Lastly, we know nothing lasts forever, not even the leaves on your money tree plant.

As your plant matures, it slowly lets go of the older leaves to focus all its energy on growing. 

Aging is a natural phenomenon, and it is nothing to worry about. Just keep an eye on the rate at which these leaves are falling.

If it is more than average, check out the list above to determine the possible cause of this increased leaves loss.

How to Fix Leaves Falling Off Money Tree

Money Tree Leaves

Now that you know what could make your money tree leaves drop, here is what you should do to help your plant recover.

1. If your plant is overwatered, you need to change your watering schedule. Only water your plant if the soil is dry. 

If you find any indication of root rot in your money tree plant, you’ll need to remove it from the current pot and gently rinse away enough soil to allow you a better view of the roots. 

Then cut away any rotted roots, stems, and anything that looks unhealthy. Finally, report your money tree. 

Use a new pot that has drainage holes at its bottom. If you find out that the potting mix is still soggy, change it to a better draining one.

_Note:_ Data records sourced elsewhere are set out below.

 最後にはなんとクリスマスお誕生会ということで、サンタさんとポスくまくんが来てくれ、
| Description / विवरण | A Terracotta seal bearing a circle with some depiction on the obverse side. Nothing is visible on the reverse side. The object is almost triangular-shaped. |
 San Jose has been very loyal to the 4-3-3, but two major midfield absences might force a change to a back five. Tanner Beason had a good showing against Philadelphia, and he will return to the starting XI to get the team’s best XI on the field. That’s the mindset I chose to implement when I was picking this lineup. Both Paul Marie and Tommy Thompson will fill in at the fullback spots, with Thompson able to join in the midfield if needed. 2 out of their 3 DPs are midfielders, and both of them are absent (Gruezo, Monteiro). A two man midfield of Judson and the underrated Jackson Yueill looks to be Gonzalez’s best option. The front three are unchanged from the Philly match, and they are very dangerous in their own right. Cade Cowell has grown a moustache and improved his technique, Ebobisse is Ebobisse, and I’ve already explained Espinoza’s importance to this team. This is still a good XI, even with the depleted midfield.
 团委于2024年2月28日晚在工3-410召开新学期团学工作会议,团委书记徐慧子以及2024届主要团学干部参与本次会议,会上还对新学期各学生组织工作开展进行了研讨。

2. If underwatering is the problem with your plant, you’ll need to increase the amount of water you give it. 

For a start, soak your money tree thoroughly, then let the excess water drain out. Then resume watering only when the top 1 to 2 inches of the soil is dry. 

3. If your money tree suffers from excess direct sunlight or not enough light, the best thing for you to do is to move it someplace where it can still receive bright but indirect light, like in front of a glass window. 

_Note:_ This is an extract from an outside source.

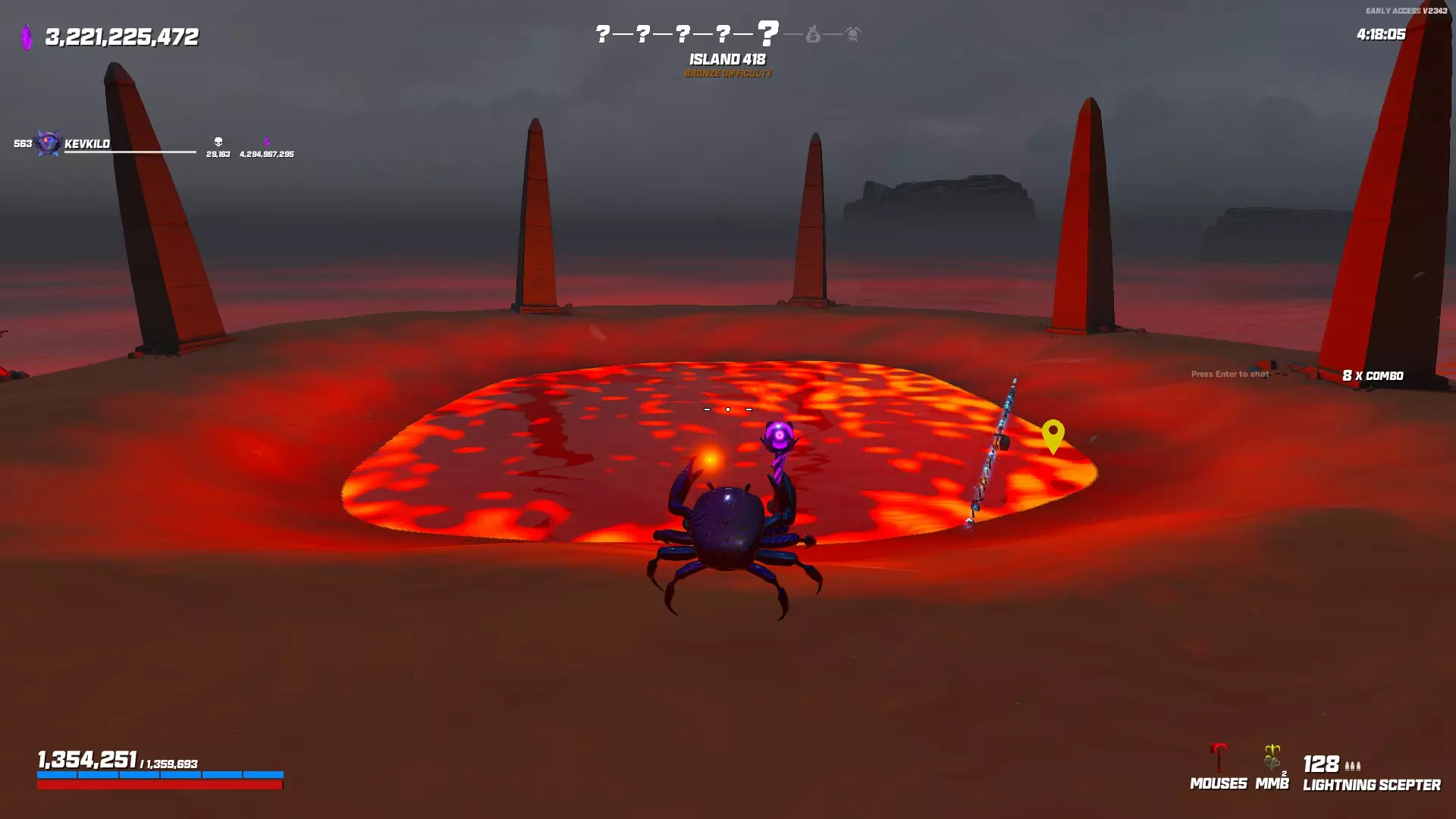 支柱竞技场,右后方区域接触熔岩

4. Move your money tree plant inside a room with a steady temperature range of 65 degrees Fahrenheit to 80 degrees Fahrenheit.

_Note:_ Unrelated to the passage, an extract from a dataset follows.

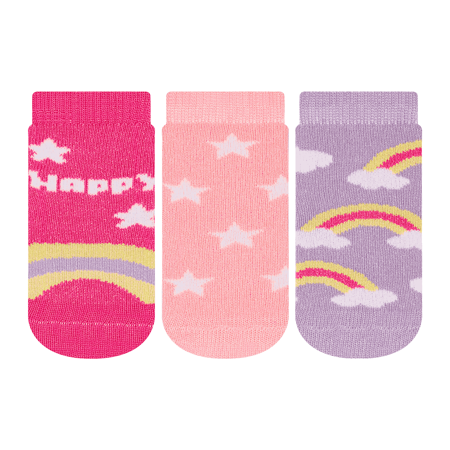 Kit composto por três pares de meias modelo soquete, confeccionadas em algodão. Elas apresentam estampas de estrelinhas e arcoíris, com acabamento e costura em tons harmoniosos

During the winter, keep your plant inside to protect it from cold drafts and frost. Also, try as much as possible to keep it dry. Watering your plant during the winter may cause the roots to freeze.

Keep your money tree plant away from scorching places like the fireplace, furnaces, and air vents.

5. When applying fertilizer to your plant, always follow the directions and resist adding a little more. 

It is preferable to use a liquid fertilizer. Always seek more information on how to fertilize your money tree plant. 

6. If you have a pest-infested money tree plant, you can use a cotton ball to apply alcohol to all the affected areas or use a pesticide safe enough for your plant.

How to Care for Your Money Tree

While it’s great that your plant is now on its recovery journey, it is also nice to know how to keep it healthy so it doesn’t relapse. 

  • Supply your plant with indirect bright light. You can rotate it regularly to achieve an even light distribution.
  • Keep your plant in a rich potting mix with good drainage, and make sure your pit has holes at its bottom to prevent water retention.
  • Keep your plant in the ideal temperature range of 65 to 80 degrees Fahrenheit. 
  • Prune any dead, dying, or damaged leaf, stem, trunk, or root to keep your plant healthy. 
  • Fertilize your money tree plant twice a year and repot every year or two in a larger pot to encourage growth.

If your money tree plant is dropping leaves, it is best to take action immediately. Find out the underlying cause and a solution; hopefully, the list above will be helpful to you in that regard.

Finally, be patient. Money trees are known to be resilient, so your plant has a good chance of survival. Just give it time, and you will see it thrive again.